Budget-2023 comes in a very difficult year for the Modi government. It is the last full Budget before the 2024 General Election, and there are several key state elections this year. All this is coming at a time when the global economy is bracing for a recession, and inflation hasn’t completely cooled down. So, the Budget had to be an exercise in defence, a holding operation of sorts.
On the face of it, cutting taxes for the top 5 per cent and the super-rich is a surprising move in an election year, but these are the people who drive public discourse.
That is why most of the government’s Budget estimates are conservative. Look at taxes, for instance; both corporate and income taxes grew at a healthy 17 per cent last year, faster than the 15 per cent growth in nominal GDP (unadjusted for inflation). This year, the government expects direct taxes to grow by just 10.5 per cent, exactly at the same rate as nominal GDP. GST collections are expected to grow by 12 per cent, at a faster clip than GDP, customs to grow by 11 per cent and excise (mostly from petroleum products) to grow by just 6 per cent.

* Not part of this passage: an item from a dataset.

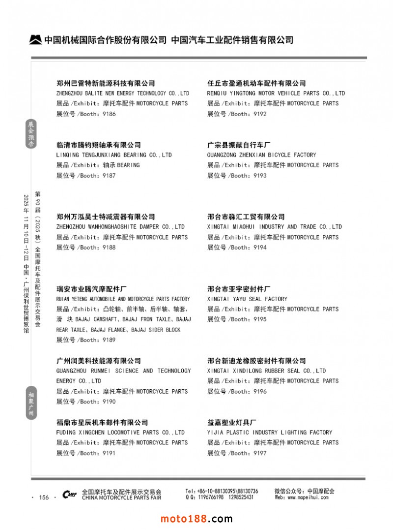內156 第89屆(2025春)全國摩托車及配件展示交易會-昆明站參展企業信息

What do these numbers tell us? To understand that we have to first account for the fact that the Finance Minister has increased income tax rebates to the middle class and cut the peak tax rates for the super-rich. The government estimates that this will cause it to lose about Rs 37,000 crore in income tax collections. Without these tax sops, the income tax collection should have grown by over 15 per cent.
About 5 per cent of Indians file IT returns, and even fewer actually come in the tax-paying bracket. If tax rates had remained unchanged, taxpayers’ would have paid 15 per cent more in income tax in 2023-24. This suggests that the government expects the top 5 per cent of Indians to earn about 15 per cent more this year, in nominal terms. This is much higher than the 10.5 per cent expected growth in national income. In other words, the government expects the top 5 per cent to get a larger share of the total income pie.
On the face of it, cutting taxes for the top 5 per cent and the super-rich is a surprising move in an election year. But these are the people who make up the chattering classes and drive public discourse. The Modi government understands that it is important to keep them happy so that public opinion stays firmly behind it. In fact, the conservative corporate tax estimates suggest that the government expects corporate profit growth to slow down. This will have an impact on professionals at top management levels in India Inc, who are likely to see a reduction in their bonuses. The sharp cut in peak tax rate, by slashing the surcharge from 37 per cent to 25 per cent, ensures that their post-tax incomes will not be affected too much by an economic slowdown.
The government also expects the organised sector to capture more of the market for goods and services. This is the only reason why GST collections grew much faster than GDP last year, and is expected to grow at a faster pace in 2023-24 as well. On the other side, the unorganised sector, which is largely outside the GST regime, is fast losing ground, which is also showing up in high unemployment numbers. The government does not see this segment as a factor in electoral politics – by definition it is ‘unorganised’ and cannot offer a unified platform for any political party.
The government clearly believes that it has to tackle unemployment in this last year before the elections. So, it has increased capital expenditure by Rs 2.7 lakh crore or about 0.9 per cent of nominal GDP. Out of this, 30 per cent will go to boosting railway infrastructure, 19 per cent will go to building more roads and highways, and another 19 per cent will be transferred to states as interest-free loans to be spent on building infrastructure. All of these will provide temporary, low-quality jobs to the poor, which will boost their incomes. This is over and above the government’s free food scheme, which covers 80 crore people, which has been extended till the end of 2023. It should not surprise anyone, if the government extends that till the summer of 2024, when it goes back for re-election.
Budget 2023 is also aimed at pleasing a key constituency in contemporary politics – finance capital. So, the Finance Minister has committed to cutting the fiscal deficit down to 5.9 per cent of GDP. Global finance likes to see governments committing themselves to fiscal prudence, even if it just an accounting exercise. The equity markets like it, too, because they believe that low fiscal deficits keep inflation and interest rates in check.
Hardly anyone cares whether the fiscal deficit target can actually be met. This year, for instance, the fiscal deficit figure has been kept down by cutting down on subsidies. Food, fertiliser and petroleum subsidies together made up about Rs.5.2 lakh crore in 2022-23; this year they are expected to cost just
Rs 3.7 lakh crore. This is unlikely to be achieved, given that the free food schemes are continuing like last year, and the government will find it difficult to increase fertiliser prices in an election-heavy year. On top of that, an ambitious disinvestment target has been set once again, despite the government’s inability to meet any of its past divestment goals.
The Budget is a carefully calibrated election Budget, which tries to please all the groups which matter in elections — the top 5 per cent, the poor and finance capital.